Replay SageMaker Data Capture Traces

April 30, 2026 · View on GitHub

AIPerf supports replaying production traffic captured by Amazon SageMaker Data Capture. This enables benchmarking inference servers using real request patterns and prompts recorded from SageMaker real-time endpoints.
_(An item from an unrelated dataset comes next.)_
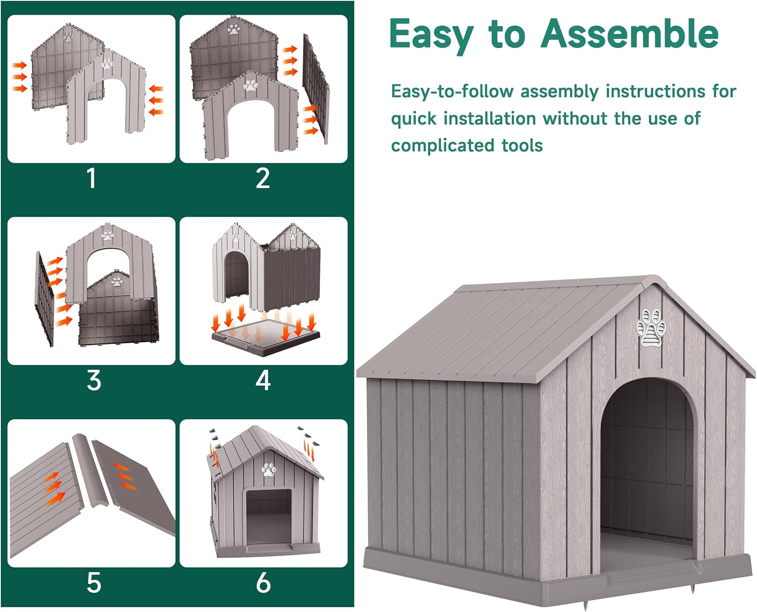 - Easy to Assemble: Our dog house design is straightforward and does not require specialized tools or technical knowledge, you can assemble the dog house in no time and let your dog enjoy his new home.

The loader sends the exact captured prompts (literal replay via the messages array) with original request timing, enabling accurate A/B comparisons when migrating models, changing instance types, or upgrading serving frameworks.

Prerequisites

A SageMaker real-time endpoint with Data Capture enabled (captures both input and output)
Captured data synced from S3 to local disk
The captured endpoint must use the OpenAI-compatible chat completions API (messages array in the request payload)

SageMaker Data Capture Format

Data Capture writes JSONL files to S3, partitioned by hour:

s3://<bucket>/<prefix>/<endpoint-name>/<variant-name>/yyyy/mm/dd/hh/<uuid>.jsonl

Each JSONL line contains the full request and response payloads with timing metadata:

{
  "captureData": {
    "endpointInput": {
      "observedContentType": "application/json",
      "mode": "INPUT",
      "data": "{\"messages\":[{\"role\":\"user\",\"content\":\"What is AI?\"}],\"max_tokens\":50}",
      "encoding": "JSON"
    },
    "endpointOutput": {
      "observedContentType": "application/json",
      "mode": "OUTPUT",
      "data": "{\"usage\":{\"prompt_tokens\":12,\"completion_tokens\":30,\"total_tokens\":42},...}",
      "encoding": "JSON"
    }
  },
  "eventMetadata": {
    "eventId": "e4378ff2-2b43-4031-a21f-401bb3c3e038",
    "inferenceTime": "2026-04-29T00:03:18Z"
  },
  "eventVersion": "0"
}

Download and Replay

Sync captured data from S3 and point AIPerf at the directory:

# Sync all capture files (preserves hourly directory structure)
aws s3 sync \
  s3://my-bucket/datacapture/my-endpoint/primary/ \
  ./captured_data/

# Replay against a target server
aiperf profile \
    --model my-model \
    --endpoint-type chat \
    --url localhost:8000 \
    --input-file ./captured_data/ \
    --custom-dataset-type sagemaker_data_capture \
    --fixed-schedule \
    --fixed-schedule-auto-offset

The loader recursively finds all .jsonl files in the directory, parses them, and sorts records by timestamp. No manual file concatenation is needed.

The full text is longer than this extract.